_EXERCISE REQUIREMENTS_
Given the records underneath, please repeat exactly the lines from the line with "The first Sound" through the line with "WHITE PAPER COFFEE", passing over any picture.

_DATA FOR THIS EXERCISE_
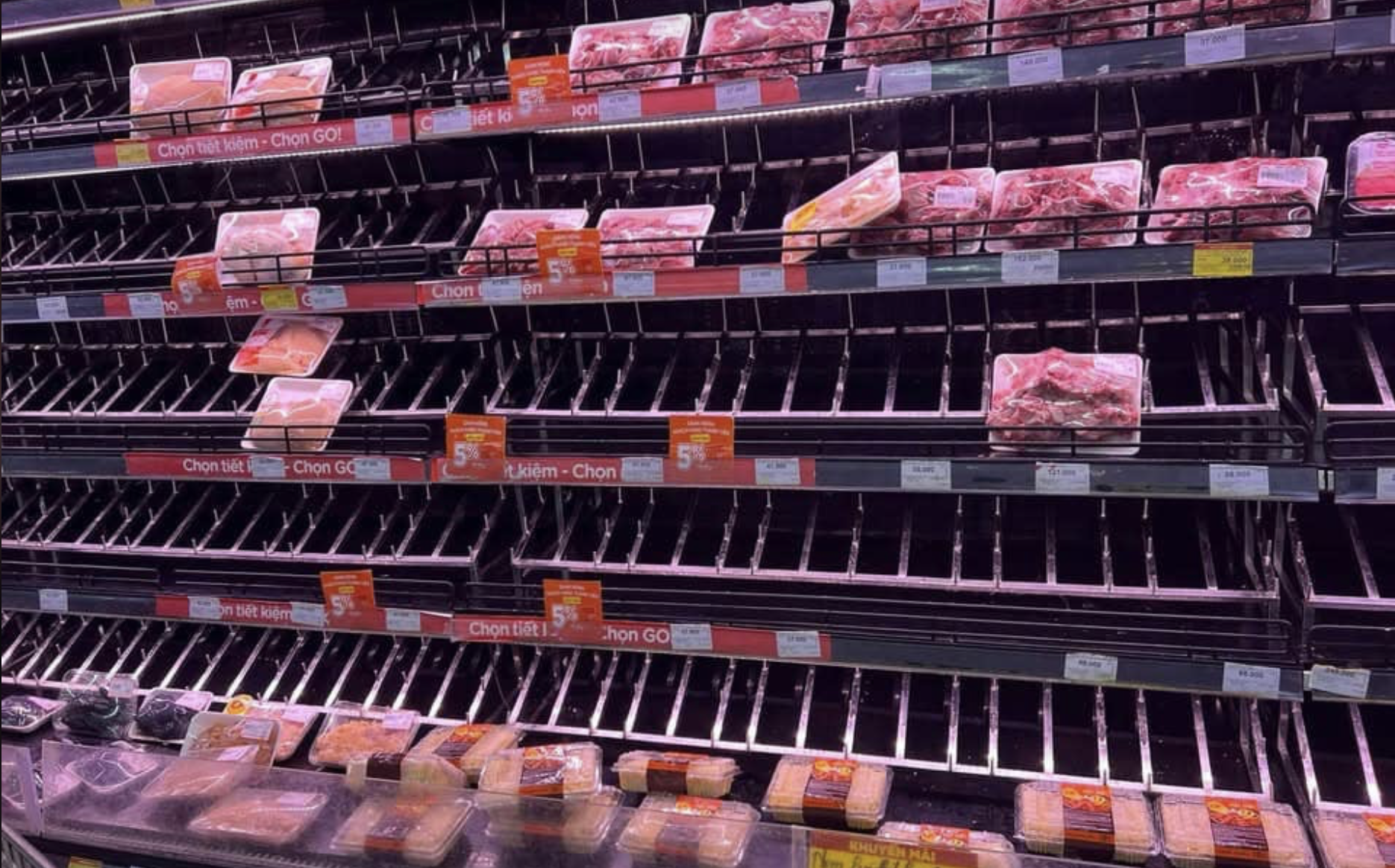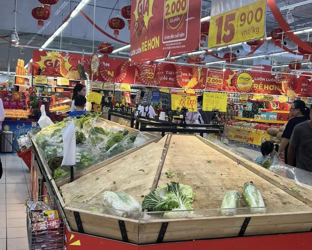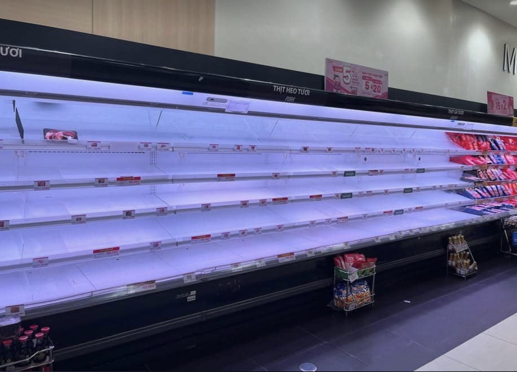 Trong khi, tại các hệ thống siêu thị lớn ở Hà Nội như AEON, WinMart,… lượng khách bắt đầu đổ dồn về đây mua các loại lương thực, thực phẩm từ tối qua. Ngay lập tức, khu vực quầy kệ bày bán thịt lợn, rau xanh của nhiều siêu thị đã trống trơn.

---

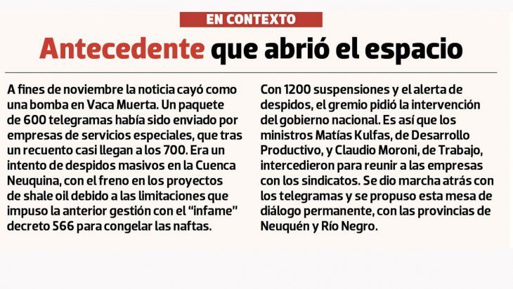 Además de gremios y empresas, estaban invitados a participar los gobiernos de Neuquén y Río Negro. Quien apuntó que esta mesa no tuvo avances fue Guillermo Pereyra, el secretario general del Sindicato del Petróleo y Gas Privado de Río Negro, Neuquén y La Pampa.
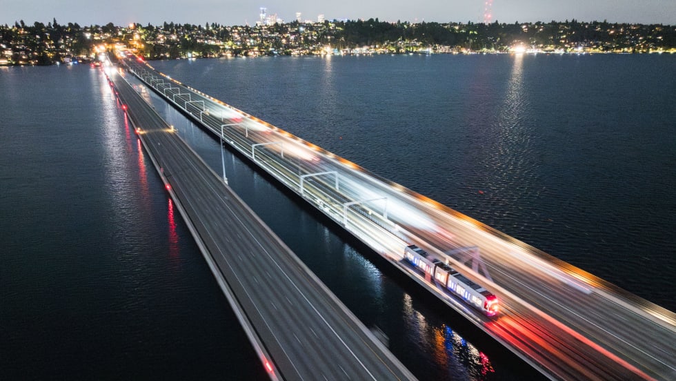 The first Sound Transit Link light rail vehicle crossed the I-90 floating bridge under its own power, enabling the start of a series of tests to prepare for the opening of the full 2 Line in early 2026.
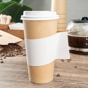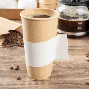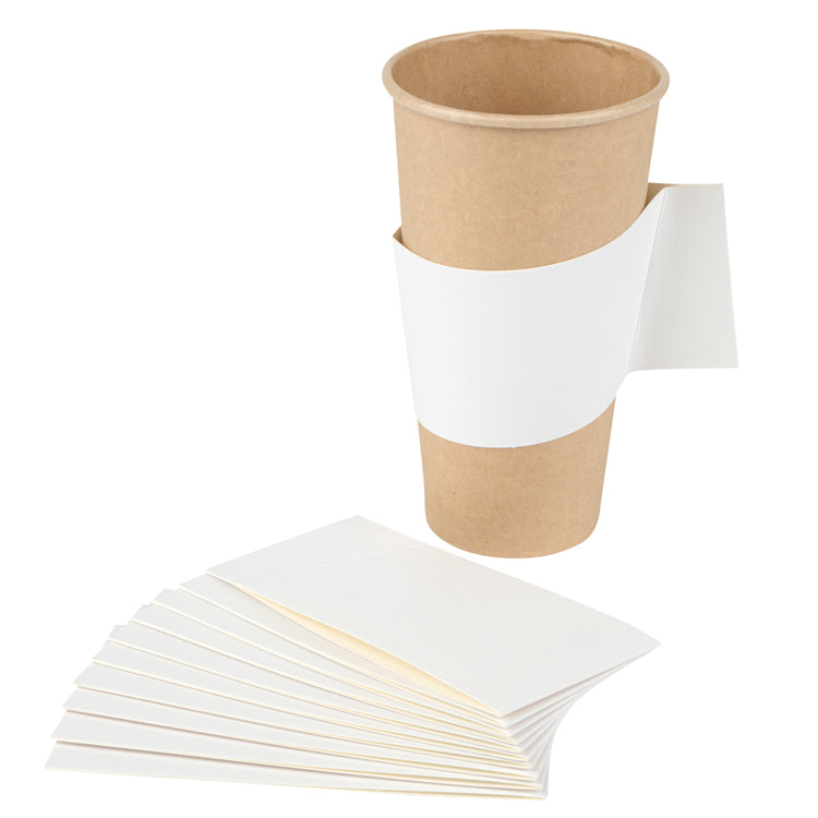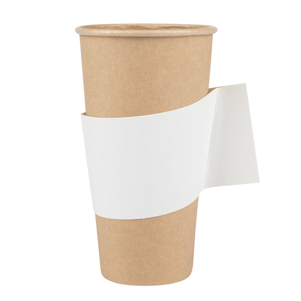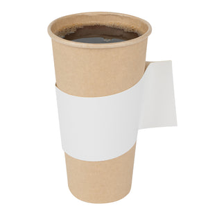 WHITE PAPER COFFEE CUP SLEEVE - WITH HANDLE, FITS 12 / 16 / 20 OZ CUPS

_TASK RESPONSE_
 The first Sound Transit Link light rail vehicle crossed the I-90 floating bridge under its own power, enabling the start of a series of tests to prepare for the opening of the full 2 Line in early 2026.
 WHITE PAPER COFFEE CUP SLEEVE - WITH HANDLE, FITS 12 / 16 / 20 OZ CUPS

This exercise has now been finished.